TASK MATERIAL:
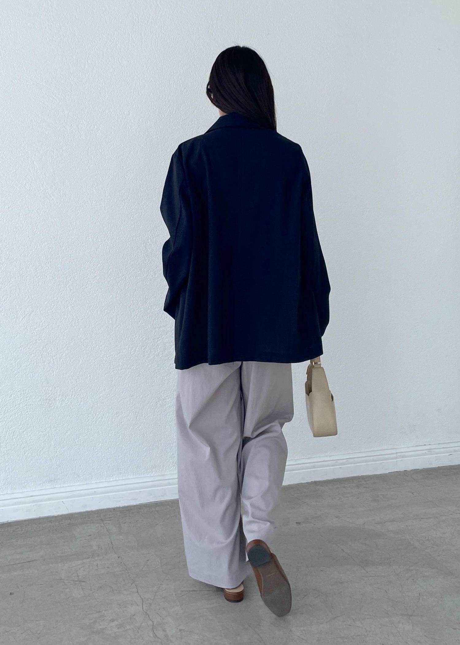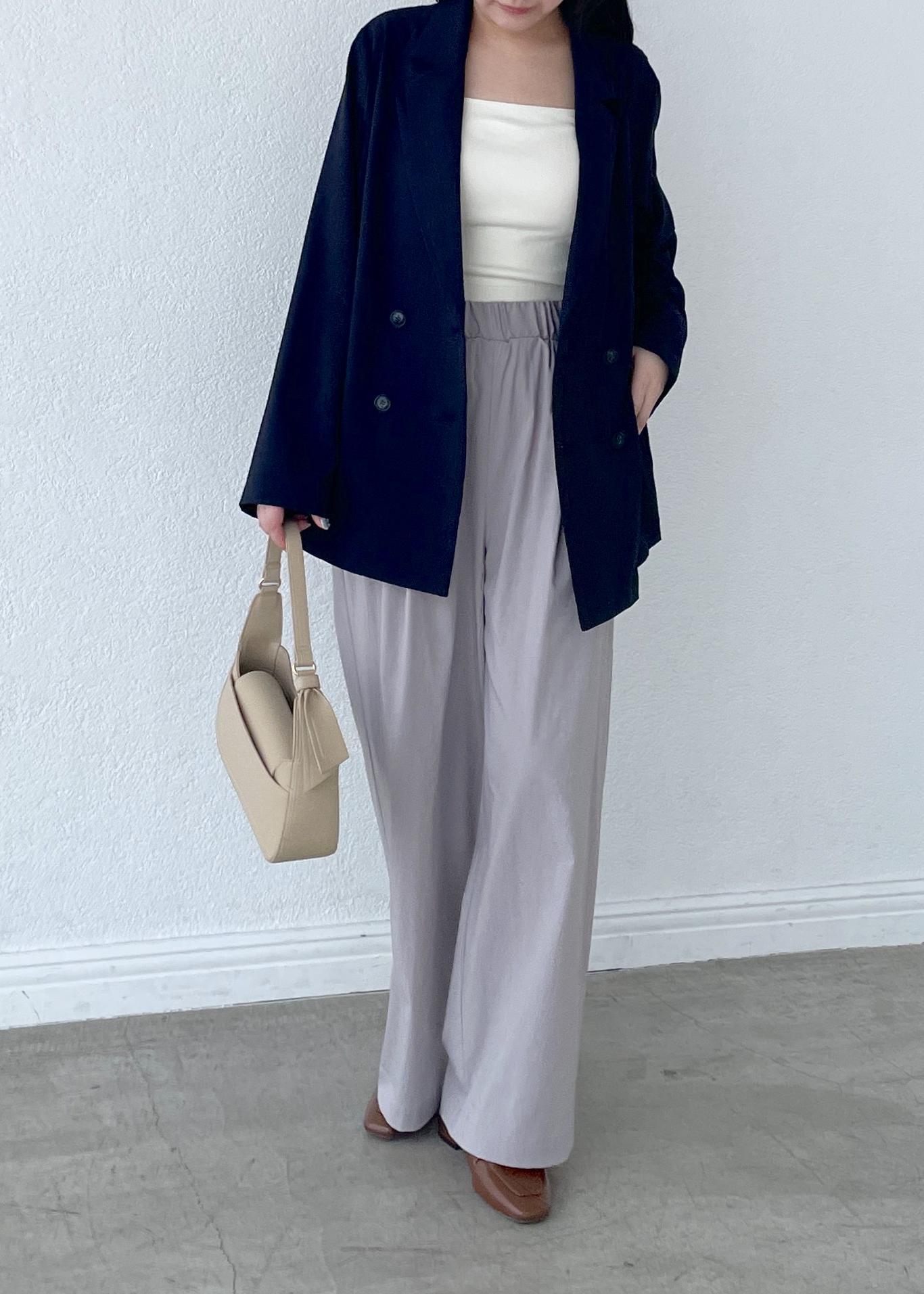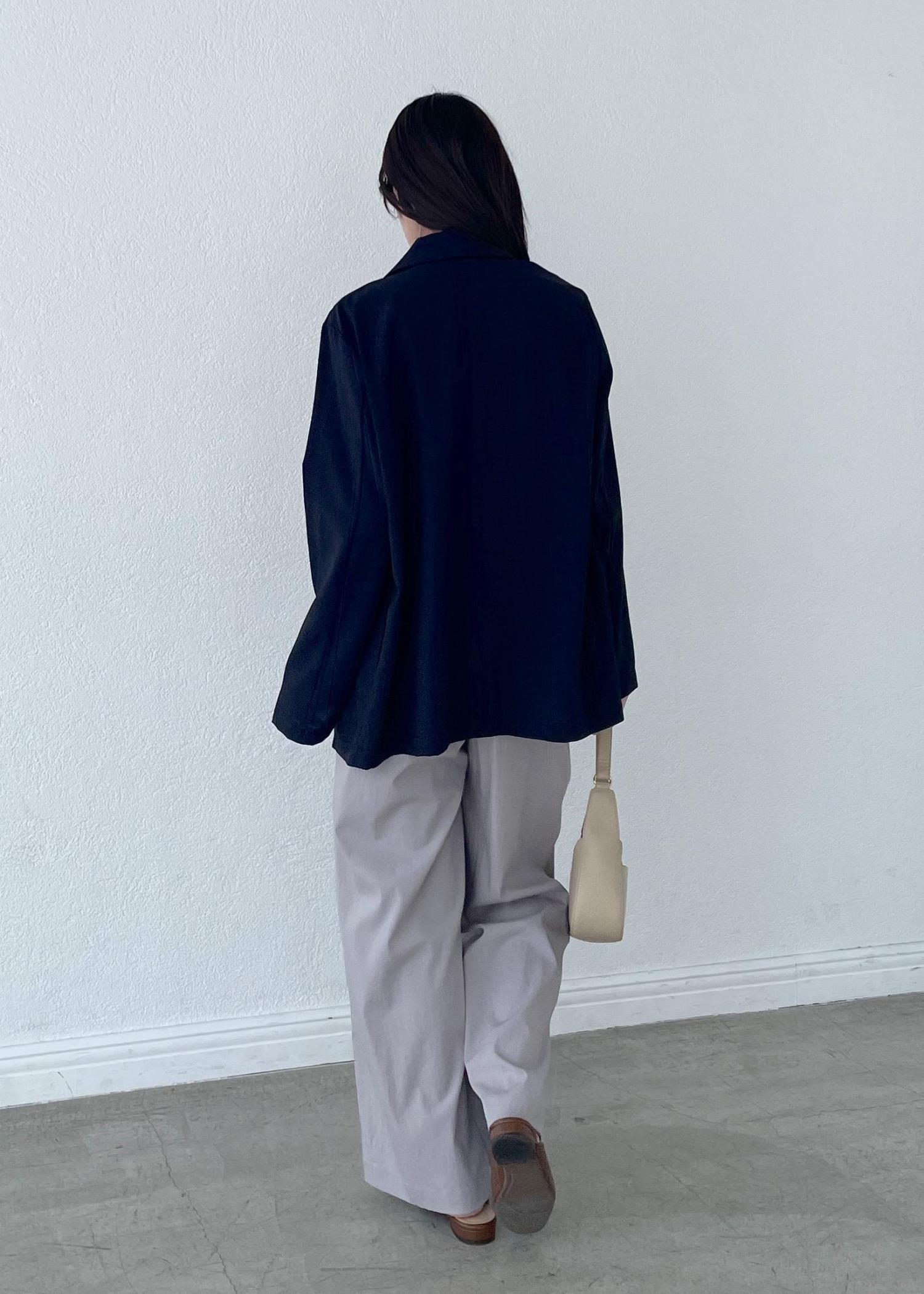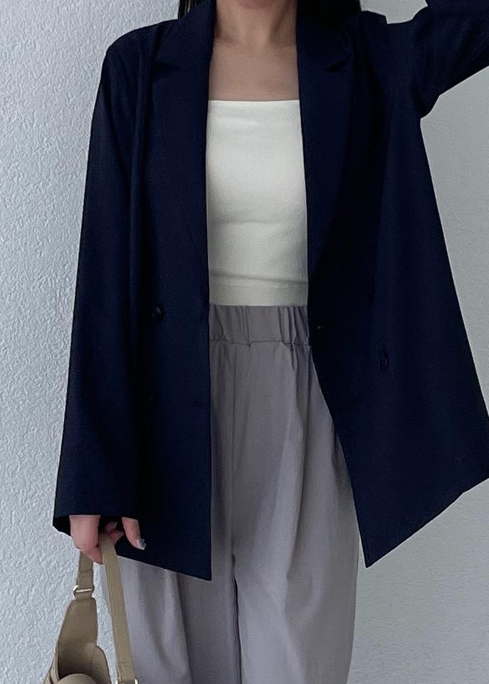 ネイビーのジャケットにグレーのパンツを合わせた、ややマニッシュライクなコーディネートです。
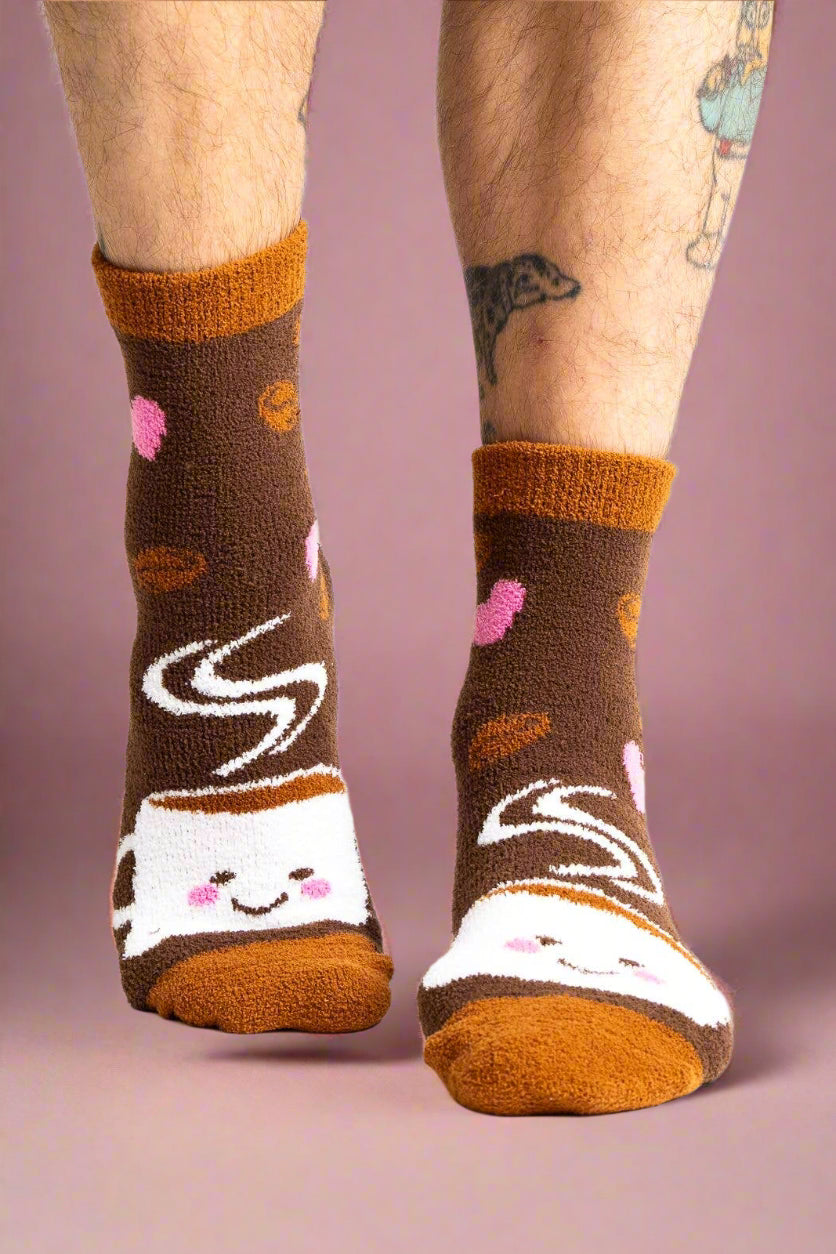 Caffeinate your cozy with our adorable coffee-themed slipper socks. Perfect for those who love their brew and comfort!
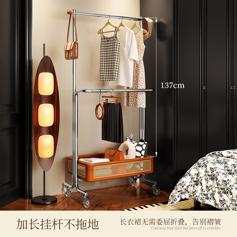复古挂衣架双层是实木落地式卧室移动衣帽架转角脏衣篓收纳置物架
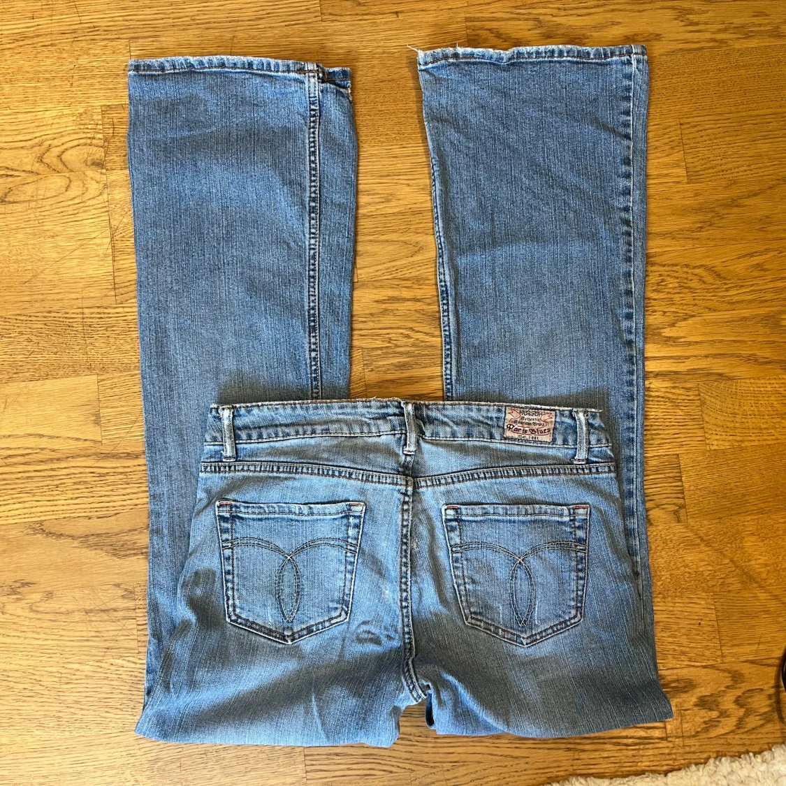 Säljer ett par klassiska blå jeans från Paris Blues med bootcut och normal passform. Jeansen har fem fickor, knappgylf och snygga detaljer på bakfickorna. Perfekta för dig som gillar en tidlös denimlook.
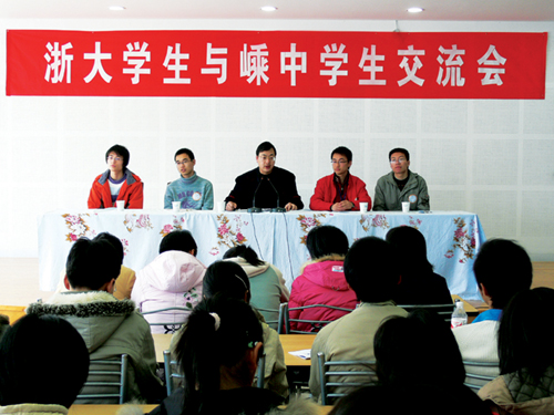 2006年寒假浙大学子回访母校与学弟学妹们交流座谈。
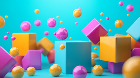 A playful composition featuring colorful cubes and spheres floating in a vibrant blue space, creating a modern and dynamic abstract scene.
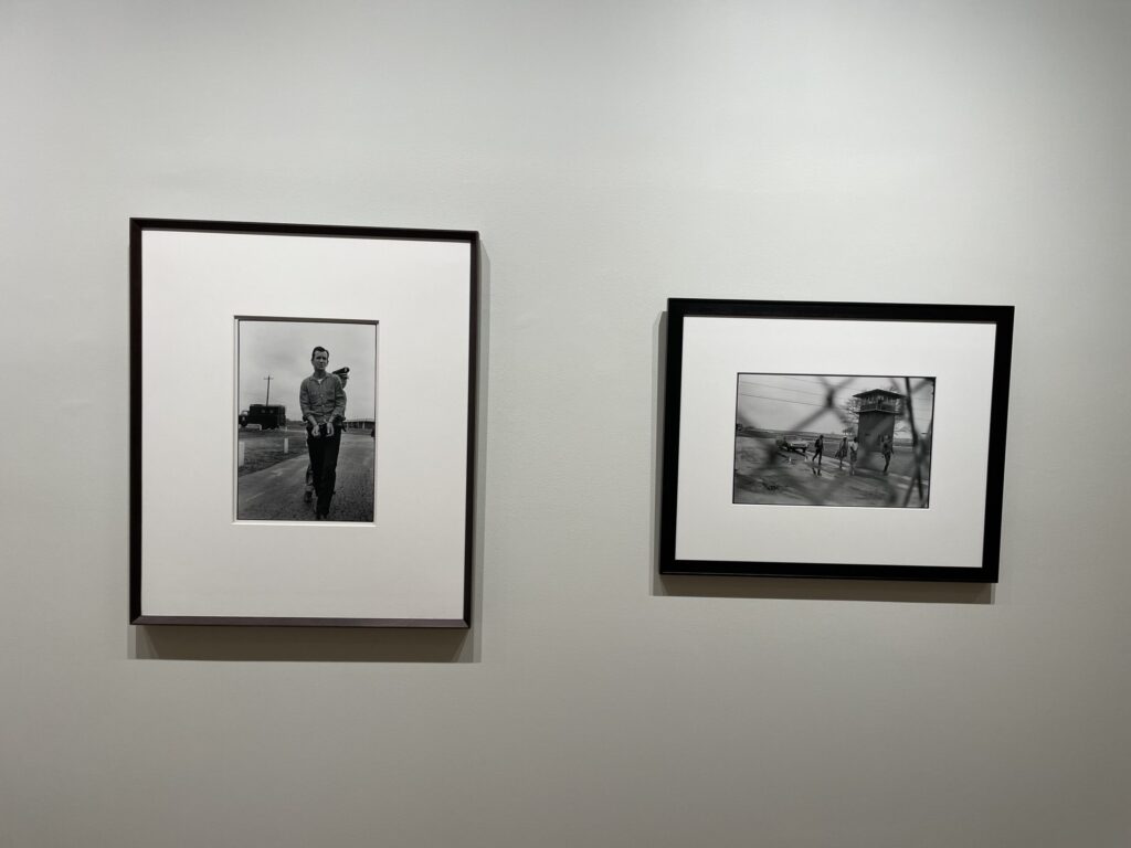 JTF (just the facts): A total of 35 black-and-white photographs, framed in black and matted, and hung against white walls in the main gallery space. (Installation shots and film stills below.)
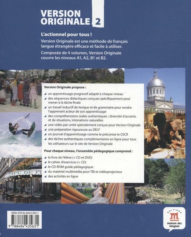 ¡El enfoque por tareas al alcance de todos con Version Originale! El Libro del alumno + CD audio + DVD de Version Originale 2 forma parte de la colección Version Originale, un método de referencia para la enseñanza del Francés Lengua Extranjera dirigido a los adultos. Una progresión estructurada en torno a la realización de tareas finales variadas Enfoque inductivo en el léxico y la gramática Referencias sistemáticas a las Actividades 2.0: una serie de tareas complementarias disponibles en línea Ofrece una gran variedad de documentos auténticos que permiten abordar el idioma desde un enfoque contextualizado, y secciones Regards sur para un acercamiento al mundo francófono Un DVD con todos los vídeos de las secciones On tourne ! del método Un primer contacto con el DELF A2 y páginas Journal dapprentissage para valorar los conocimientos y las competencias

WHAT NEEDS TO BE DONE:
Could you restate every entry above word for word, leaving out the pictures?

OUTPUT OF THE TASK:
 ネイビーのジャケットにグレーのパンツを合わせた、ややマニッシュライクなコーディネートです。
 Caffeinate your cozy with our adorable coffee-themed slipper socks. Perfect for those who love their brew and comfort!
复古挂衣架双层是实木落地式卧室移动衣帽架转角脏衣篓收纳置物架
 Säljer ett par klassiska blå jeans från Paris Blues med bootcut och normal passform. Jeansen har fem fickor, knappgylf och snygga detaljer på bakfickorna. Perfekta för dig som gillar en tidlös denimlook.
 2006年寒假浙大学子回访母校与学弟学妹们交流座谈。
 A playful composition featuring colorful cubes and spheres floating in a vibrant blue space, creating a modern and dynamic abstract scene.
 JTF (just the facts): A total of 35 black-and-white photographs, framed in black and matted, and hung against white walls in the main gallery space. (Installation shots and film stills below.)
 ¡El enfoque por tareas al alcance de todos con Version Originale! El Libro del alumno + CD audio + DVD de Version Originale 2 forma parte de la colección Version Originale, un método de referencia para la enseñanza del Francés Lengua Extranjera dirigido a los adultos. Una progresión estructurada en torno a la realización de tareas finales variadas Enfoque inductivo en el léxico y la gramática Referencias sistemáticas a las Actividades 2.0: una serie de tareas complementarias disponibles en línea Ofrece una gran variedad de documentos auténticos que permiten abordar el idioma desde un enfoque contextualizado, y secciones Regards sur para un acercamiento al mundo francófono Un DVD con todos los vídeos de las secciones On tourne ! del método Un primer contacto con el DELF A2 y páginas Journal dapprentissage para valorar los conocimientos y las competencias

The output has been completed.